# How do you find first order half life?

Aug 31, 2017

${t}_{\text{1/2}} = \frac{\ln 2}{k}$

Well, consider a general first-order rate law for a one-reactant reaction:

$A \to B$

$r \left(t\right) = k \left[A\right]$

where $k$ is the rate constant and $\left[A\right]$ is the concentration of $A$ in $\text{M}$.

This is numerically equal to:

$= - \frac{d \left[A\right]}{\mathrm{dt}}$

where $\frac{d \left[A\right]}{\mathrm{dt}}$ denotes an instantaneous rate of change in concentration of $A$ over time.

By separation of variables:

$- k \mathrm{dt} = \frac{1}{\left[A\right]} d \left[A\right]$

Integrate the left-hand side from time zero to time $t$, and the right-hand side from initial to current concentration.

$- {\int}_{0}^{t} k \mathrm{dt} = {\int}_{{\left[A\right]}_{0}}^{\left[A\right]} \frac{1}{\left[A\right]} d \left[A\right]$

$- k t = \ln \left[A\right] - \ln {\left[A\right]}_{0}$

Thus, we obtain the first-order integrated rate law:

$\underline{\ln \left[A\right] = - k t + \ln {\left[A\right]}_{0}}$

For a half-life, we have a current concentration of ${\left[A\right]}_{0} = \frac{1}{2} \left[A\right]$, so:

$\ln \left(\frac{1}{2} {\left[A\right]}_{0}\right) = - k {t}_{\text{1/2}} + \ln {\left[A\right]}_{0}$

where ${t}_{\text{1/2}}$ is the half-life.

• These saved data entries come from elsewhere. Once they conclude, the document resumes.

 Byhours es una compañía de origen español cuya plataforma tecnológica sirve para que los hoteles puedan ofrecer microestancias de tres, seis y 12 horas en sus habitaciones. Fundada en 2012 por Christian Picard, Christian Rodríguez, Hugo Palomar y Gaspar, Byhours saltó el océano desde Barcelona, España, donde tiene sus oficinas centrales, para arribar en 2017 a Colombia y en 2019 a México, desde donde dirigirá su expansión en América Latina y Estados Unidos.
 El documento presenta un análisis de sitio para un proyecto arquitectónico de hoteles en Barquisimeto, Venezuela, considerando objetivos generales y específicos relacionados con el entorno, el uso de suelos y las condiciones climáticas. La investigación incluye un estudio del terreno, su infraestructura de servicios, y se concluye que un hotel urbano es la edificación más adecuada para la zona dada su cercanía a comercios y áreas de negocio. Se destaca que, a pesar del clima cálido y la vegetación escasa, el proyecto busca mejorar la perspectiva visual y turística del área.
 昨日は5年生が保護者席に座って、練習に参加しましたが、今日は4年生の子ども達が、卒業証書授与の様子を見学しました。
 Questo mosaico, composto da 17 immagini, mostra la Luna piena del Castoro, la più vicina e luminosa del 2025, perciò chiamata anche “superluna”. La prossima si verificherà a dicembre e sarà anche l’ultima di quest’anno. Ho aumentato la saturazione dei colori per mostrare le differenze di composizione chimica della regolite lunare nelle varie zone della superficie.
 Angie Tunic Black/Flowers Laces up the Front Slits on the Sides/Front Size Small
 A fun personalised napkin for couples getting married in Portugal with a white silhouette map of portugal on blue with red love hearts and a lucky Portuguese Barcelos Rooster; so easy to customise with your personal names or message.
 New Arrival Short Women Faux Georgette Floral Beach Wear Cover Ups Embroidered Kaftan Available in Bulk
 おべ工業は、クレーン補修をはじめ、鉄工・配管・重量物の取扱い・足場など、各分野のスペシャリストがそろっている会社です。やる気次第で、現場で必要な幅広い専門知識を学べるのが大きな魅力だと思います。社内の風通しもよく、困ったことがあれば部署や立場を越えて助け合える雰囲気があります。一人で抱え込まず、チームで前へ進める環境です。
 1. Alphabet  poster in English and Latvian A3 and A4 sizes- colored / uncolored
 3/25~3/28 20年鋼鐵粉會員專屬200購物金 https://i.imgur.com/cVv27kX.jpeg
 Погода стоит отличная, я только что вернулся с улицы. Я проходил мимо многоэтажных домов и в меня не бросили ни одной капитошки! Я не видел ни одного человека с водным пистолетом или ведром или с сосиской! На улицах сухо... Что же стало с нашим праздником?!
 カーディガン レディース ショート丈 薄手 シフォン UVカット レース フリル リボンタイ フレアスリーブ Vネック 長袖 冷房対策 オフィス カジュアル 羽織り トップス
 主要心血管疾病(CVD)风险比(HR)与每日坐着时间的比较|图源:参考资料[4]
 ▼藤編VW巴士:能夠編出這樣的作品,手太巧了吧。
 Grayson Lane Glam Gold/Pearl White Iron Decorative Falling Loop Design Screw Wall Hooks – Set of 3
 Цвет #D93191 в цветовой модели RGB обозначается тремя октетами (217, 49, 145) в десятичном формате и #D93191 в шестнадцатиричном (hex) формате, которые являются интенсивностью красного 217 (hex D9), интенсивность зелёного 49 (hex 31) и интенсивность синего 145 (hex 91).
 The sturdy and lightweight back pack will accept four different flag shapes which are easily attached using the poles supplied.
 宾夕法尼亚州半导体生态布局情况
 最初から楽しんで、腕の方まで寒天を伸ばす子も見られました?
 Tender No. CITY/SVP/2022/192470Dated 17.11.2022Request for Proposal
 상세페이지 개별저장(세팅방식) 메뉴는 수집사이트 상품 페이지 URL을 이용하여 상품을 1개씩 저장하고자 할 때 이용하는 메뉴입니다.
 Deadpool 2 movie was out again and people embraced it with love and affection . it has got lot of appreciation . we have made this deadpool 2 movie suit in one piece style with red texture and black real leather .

Using the properties of logarithms:

$\implies \ln \left(\frac{\frac{1}{2} {\left[A\right]}_{0}}{{\left[A\right]}_{0}}\right) = - k {t}_{\text{1/2}}$

$\implies \ln \left(\frac{1}{2}\right) = - k {t}_{\text{1/2}}$

$\implies \ln 2 = k {t}_{\text{1/2}}$

$\implies \textcolor{b l u e}{\overline{\underline{| \stackrel{\text{ ")(" "t_"1/2" = (ln2)/k" }}{|}}}}$